Cognitive impairment could make it difficult to appropriately and reliably perform a hearing test. This could result in an artificially low hearing test score that is unrelated to actual hearing ability. This is unlikely due to the simplicity of the clinical audiometric battery, which consists of raising a hand when a tone is heard or repeating words. Examiners are trained to adjust the speed of the test, which allows subjects to have ample time to process each step. Pure tone audiometry, the primary hearing measure in most current epidemiologic studies, is designed to test peripheral hearing. Higher cortical processes that would normally be diminished in individuals with dementia, however, are not assessed by pure tone audiometry.[60] As a proof of point, pure tone audiometry can be completed in children as young as 3 years old. Patients who experience severe dementia might struggle with audiometry testing. For this reason, previous longitudinal studies have excluded those with severe dementia at baseline.[61]
Other Limitations
While studies have shown enough evidence to strongly hypothesize a causal relationship between ARHL and dementia, it is likely that the relationship is multifactorial, involving several different mechanisms that could act in an additive manner. The ability to make concrete conclusions is limited by the difficulties found in studying cognition and hearing loss. For example, in studies using exposure and outcome measures which are not necessarily ideal, it is possible that there is overdiagnosis of dementia in those with hearing loss, or vice versa. Hearing loss may give the illusion of cognitive decline in those affected. As a result, family members or health care providers may more aggressively screen for dementia and therefore identify the disease earlier and more frequently than those not affected with hearing loss. However, this phenomenon has not been formally explored.
Additional Considerations
In addition to hearing loss, other sensory impairments have been associated with cognitive decline, including both visual and olfactory impairment.[62]
[63] The visual–cognition mechanism may resemble the hearing–cognition mechanism. Visual impairment could lead to social isolation, as well as reallocation of cognitive resources, due to a lack of stimulation of the primary visual cortex.
The olfaction–cognition relationship, particularly olfaction–dementia, may operate in the reverse direction, such that dementia is the cause as opposed to the effect. This theory is primarily supported by the presence of neurofibrillary tangles in the olfactory bulb in both Alzheimer's and degenerative diseases of the brain.[64] This is in contrast to the peripheral auditory mechanisms, where such pathology has not been seen. Further studies exploring the effect of confounding sensory impairment, as well as causation, will need to be conducted before concrete conclusions can be made.

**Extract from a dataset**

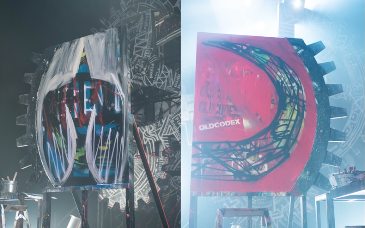 車のギアをモチーフにハンドペイントが施された舞台装置と、ステージの両端に設えられた2枚のキャンバスが、空間に異質の生っぽい手触りを放り込んでいた。YORKE.は、キャンバスに抽象的な線や図形、象徴的なワードをブラシで描いては、また下地を塗り直し、イメージを重ねていく。

Vestibular function and balance also have been associated with cognitive function. Cross-sectional studies and longitudinal studies have illustrated that poorer balance is associated with worse performance on cognitive testing after controlling for confounders, including hearing loss.[65]
[66] The exact nature of this relationship requires further study.
The relationship between the other senses, such as taste and touch, and cognitive decline remain largely unstudied.
Age-Related Hearing Loss and Depression
Age-Related Hearing Loss and Depression
Elderly individuals experiencing hearing loss have higher levels of depression and score worse on geriatric depression scales compared with their normal hearing counterparts.[8]
[67] There are multiple theories that may explain why hearing loss is associated with late-life depression. Individuals who have difficulty hearing also have difficulty following conversations. This can be frustrating when interacting with family and friends, and can diminish their enjoyment of social activities and relationships.
Hearing loss also makes it difficult for those affected to participate in leisure activities, primarily because they feel less comfortable physically navigating through their environment without hearing. This could lead to the development of depressive symptoms. Studies suggest that those with significant hearing loss report lower and impaired physical activity as well as slower gaits.[68] Symptoms such as decreased leisure activity, slowed gait, and poor physical performance are related to frailty, a condition of generalized physiologic decline associated with increased morbidity and mortality risk exhibited by elderly adults. Interestingly, such symptoms of the frailty phenotype also are exhibited by individuals with late-life depression. Researchers have proposed that there is a bidirectional association with characteristics of frailty and late-life depression.[69]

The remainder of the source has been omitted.